Prevention and Outreach

A tough experience I went through recently involved my two friends. One day I go over to my friend’s house because they wanted to hang out but I come inside to a huge argument being held in the living room. I hear Faith yelling about how Lindsey had went out on a date with Faith’s ex-boyfriend. Lindsey did not think to mention to Faith that she was currently seeing her ex because she felt it was not that important of a thing to mention. Faith on the other hand felt so betrayed by Lindsey due to her actions. She felt that her friendship with Lindsey did not mean anything to Lindsey because she kept this secret relationship from her. I did not know at that moment what I should do in this situation. I was frozen because I did not expect my friends to be arguing with each other as I entered into the house. The argument was elevating so I was mentally debating whether I should step in to stop this fight from getting any worse or just let it play out.
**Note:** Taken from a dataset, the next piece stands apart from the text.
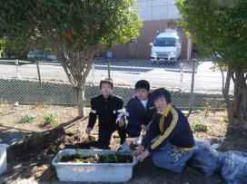 実務学級の生徒が児童館に花を植えました

I decided to intervene by stepping in the middle of the two and shouted “HEY” as loud as I could since their fight was getting very heated that they did not even hear me enter. They both quieted down in that moment and turned to look at me. They tried to drag me into their argument but I was not about to be forced to take sides in this situation. I told them to take a sit and explain their sides of the story to me. I was going to act as the peacemaker in this situation. Faith was telling me about how hurt and betrayed she felt because Lindsey had started seeing her old boyfriend without asking if Faith was okay with the relationship in the first place. Lindsey did not think that it was that big of a situation where she would need to ask for permission to date someone. After hearing both sides of the story, I gave my thoughts about the problem at hand. I told them that Lindsey was slightly at fault because since she was best friends with Faith, she should have mentioned something to Faith instead of having Faith find out weeks later that she was dating her ex. It is just something you would tell your best friend. Also, Faith was acting a little overboard because her and her ex were long over so she should not be making such a great fuss over this situation. I told them that this was not something that was worth breaking up a friendship for.
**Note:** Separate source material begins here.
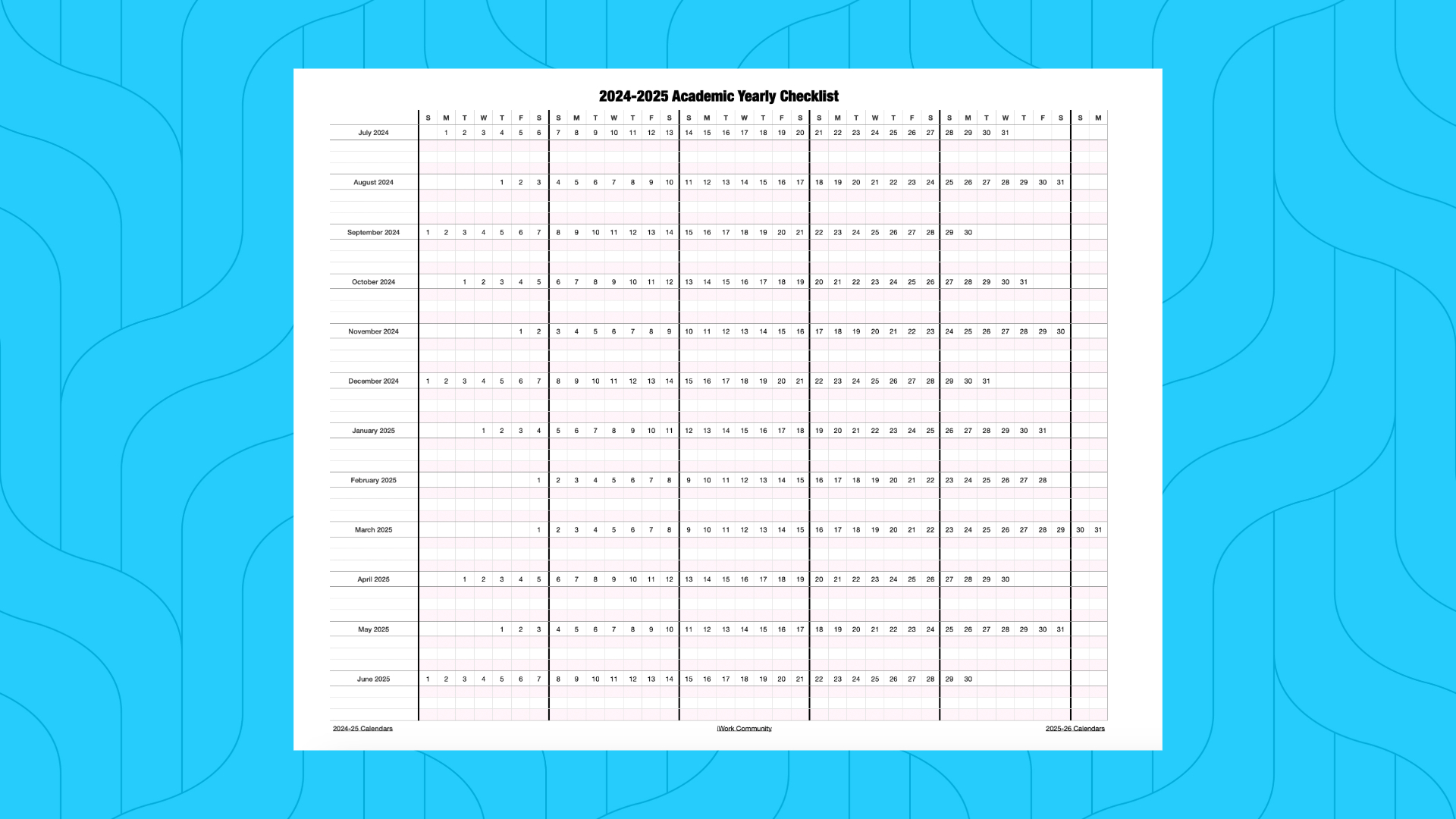 2024-2025 School Yearly Checklist Calendar Template for Numbers

After I voiced my opinions, the both of them seemed to calm down from their intense argument and thought over about what had happened. They realized that this was not something to end their friendship over so they settled things between them. Faith realized she cannot control who her friend dates and should just let her free to date whoever even if it is her old boyfriend. Lindsey realized that she was wrong to not have talked to Faith first about her relationship. It would have been the right thing to do. They grasped their argument was not meant to be blown into proportions and made up. Their friendship now was better after the issue was resolved. I would make the same choice I made last time because I do not want two of my closest friends to be in a fight because it puts a strain on everything. Having to choose sides is the worst thing for me. It is better to have the problem fixed than to have them continue being in a fight with each other. I know that it is better to have peace than hatred which is why I felt the need to fix things between them.